A single hardwired model is a liability you can't switch out of
AI now writes a growing share of compliance content — but most tools hardwire you to one provider. When that provider changes terms, raises prices, or drops off your approved-vendor list, you have no fallback and no clean way to switch.
The credentials behind that AI are often unmanaged. API keys sit in plaintext config, token spend runs uncapped, and no one can say which model touched which record.
Meanwhile your team still drafts policies, registers, and assessments from a blank page — the slowest, least defensible way to produce documentation an auditor will read.
What you can do with the Multi-Provider AI Assistant
- Choose the provider per company — Anthropic, OpenAI, Google, or AWS Bedrock.

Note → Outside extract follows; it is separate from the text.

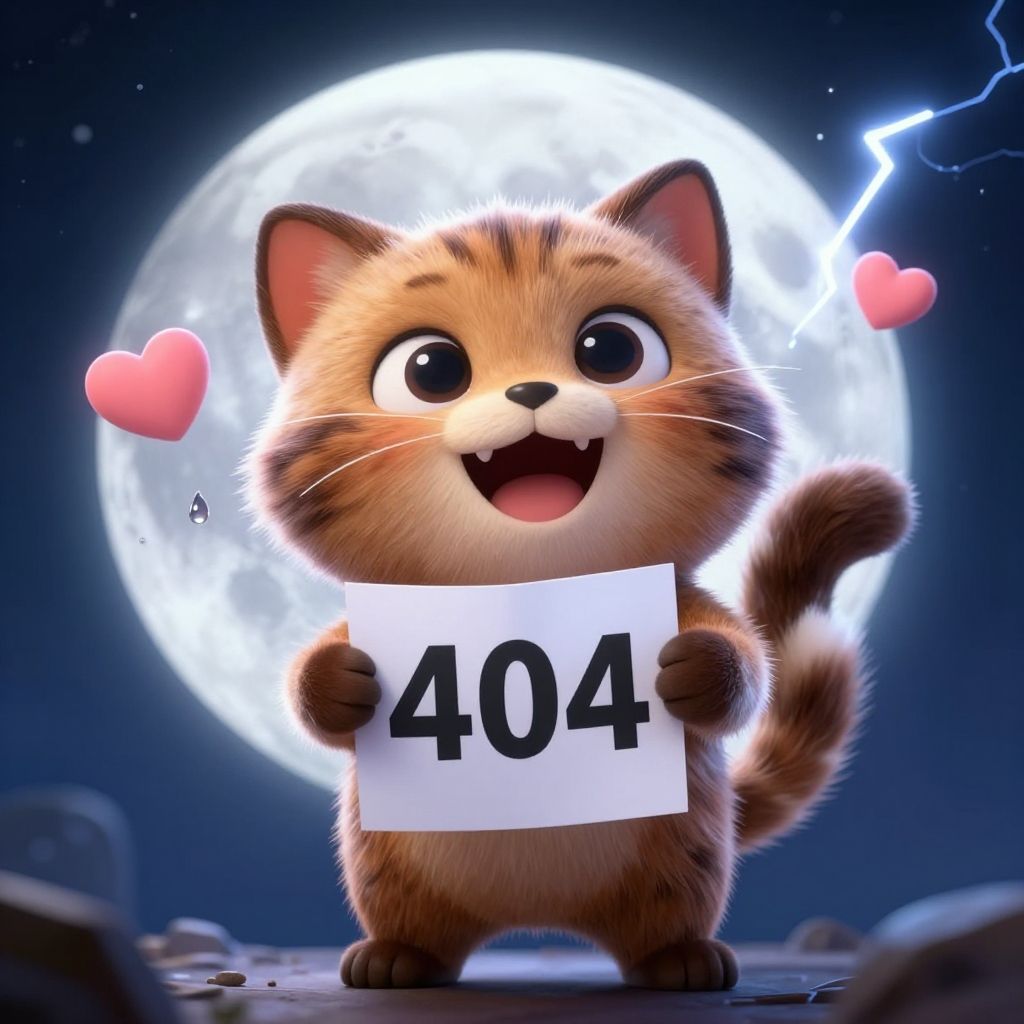 Cute CGI cartoon kitten with big eyes, orange and brown fur, holding "404" sign, against bright full moon with lightning and heart icons.

- Store provider credentials encrypted at rest, with Bedrock inference-profile resolution handled for you.
- Set token limits per model — context window and max output — from a central catalog.

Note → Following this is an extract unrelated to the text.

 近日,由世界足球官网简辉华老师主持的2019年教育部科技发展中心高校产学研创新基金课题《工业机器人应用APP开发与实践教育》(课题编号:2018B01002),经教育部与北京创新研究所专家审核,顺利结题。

- Run AI work through a background job queue so generation never blocks the app.
- Auto-complete form fields with AI-assisted drafting mapped to industry-specific capabilities.

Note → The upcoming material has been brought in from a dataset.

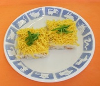 - 正方形に切り分け、きぬさやを飾る。
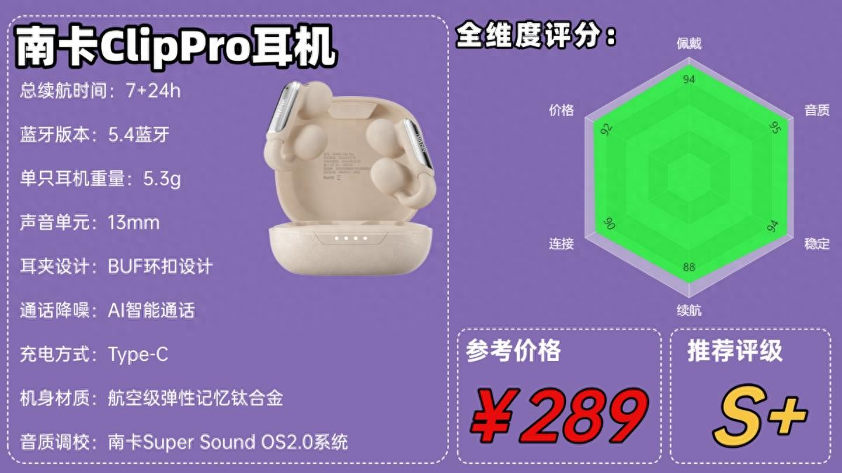 如果你的小伙伴在挑选开放式耳机时,把音质表现和佩戴舒适度放在首位,那这款南卡Clip Pro绝对值得重点关注!

What it delivers to your program
- No single-vendor dependency — switch providers per tenant if pricing, terms, or approval status change, with no platform migration.
- Credential and cost control you can defend — keys held encrypted, token ceilings enforced centrally, so AI spend stays predictable.
- Faster first drafts — policies, records, and assessments start pre-filled, freeing your team for review and sign-off.
- Stable performance under load — queued AI jobs keep day-to-day work responsive while content generates in the background.
Built for compliance
This feature is about how AI is operated inside your compliance program — provider choice, credential handling, and cost control — rather than a specific regulatory article.
| What DPMS does | Maps to | How |
|---|---|---|
| Stores provider credentials encrypted | Secure handling of AI access secrets | Encryption at rest with per-company credential scoping |
| Enforces per-model token limits | Controlled, predictable AI usage | Central catalog defining context window and max output per model |
| Lets you select the provider per tenant | Provider governance and exit options | Anthropic, OpenAI, Google, or AWS Bedrock chosen per company |
| Processes AI work via a job queue | Reliable, isolated AI execution | Asynchronous background queue with per-job status tracking |
Why Priverion
Unlike general-purpose tools that hardcode one model, the assistant is pluggable — four providers, selectable per company — so your AI strategy isn't tied to a single vendor's roadmap or pricing.
And it lives inside one unified privacy and InfoSec platform. The same assistant that drafts a policy can auto-complete a record or assessment, with credentials and token limits governed centrally instead of scattered across point tools. The control over how AI runs is the differentiator.